━━━━━ Source material
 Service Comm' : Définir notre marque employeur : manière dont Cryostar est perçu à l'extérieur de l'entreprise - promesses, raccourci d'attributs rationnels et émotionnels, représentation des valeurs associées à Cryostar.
━━━━━━━━━━
━━━━━ Source material
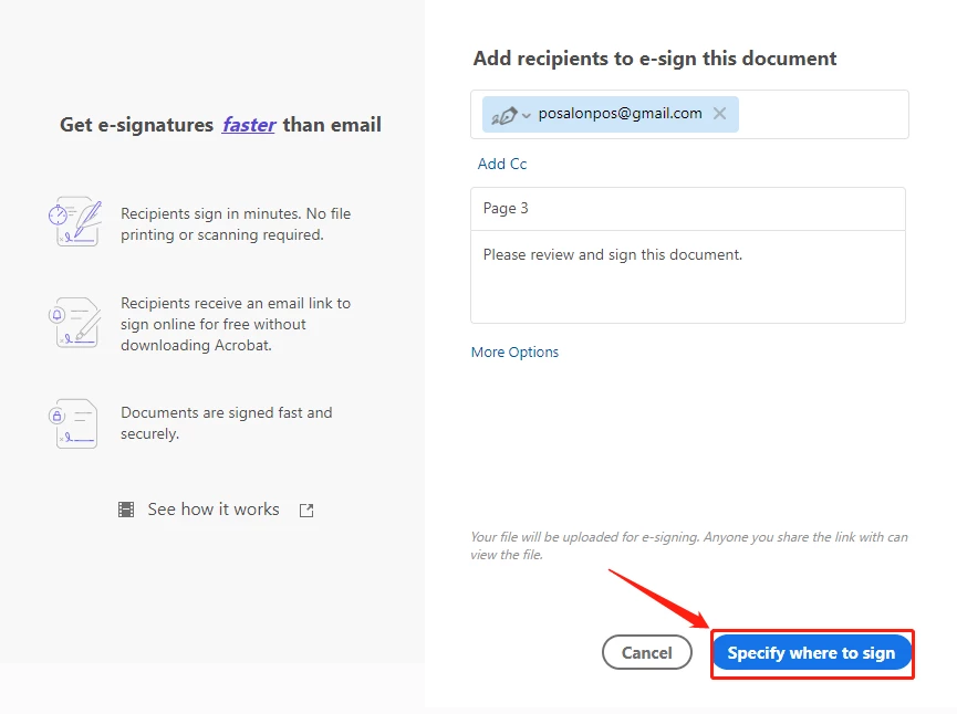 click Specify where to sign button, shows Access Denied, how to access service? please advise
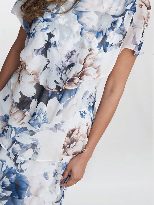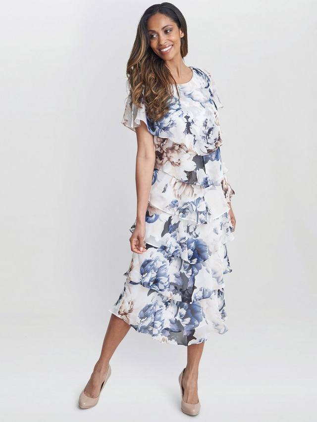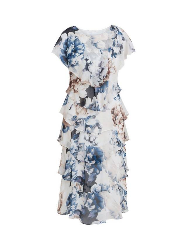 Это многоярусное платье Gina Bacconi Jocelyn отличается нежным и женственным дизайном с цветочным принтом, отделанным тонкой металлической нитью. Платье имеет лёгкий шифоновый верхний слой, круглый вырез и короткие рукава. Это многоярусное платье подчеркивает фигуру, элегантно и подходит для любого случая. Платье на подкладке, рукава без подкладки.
━━━━━━━━━━
━━━━━ Source material
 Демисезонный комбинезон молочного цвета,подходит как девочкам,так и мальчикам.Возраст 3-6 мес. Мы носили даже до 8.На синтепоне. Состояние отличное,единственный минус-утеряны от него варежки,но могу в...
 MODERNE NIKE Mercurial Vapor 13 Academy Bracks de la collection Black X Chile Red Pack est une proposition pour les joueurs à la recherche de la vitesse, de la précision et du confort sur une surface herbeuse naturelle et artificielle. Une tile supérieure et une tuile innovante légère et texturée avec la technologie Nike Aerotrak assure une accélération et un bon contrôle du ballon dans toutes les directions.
━━━━━━━━━━
### Your instructions
Starting at the line above that contains "click Specify where to", transcribe every line exactly through the line that contains "Это многоярусное платье Gina", including that last one, and skip the pictures.

### Answer to this exercise
 click Specify where to sign button, shows Access Denied, how to access service? please advise
 Это многоярусное платье Gina Bacconi Jocelyn отличается нежным и женственным дизайном с цветочным принтом, отделанным тонкой металлической нитью. Платье имеет лёгкий шифоновый верхний слой, круглый вырез и короткие рукава. Это многоярусное платье подчеркивает фигуру, элегантно и подходит для любого случая. Платье на подкладке, рукава без подкладки.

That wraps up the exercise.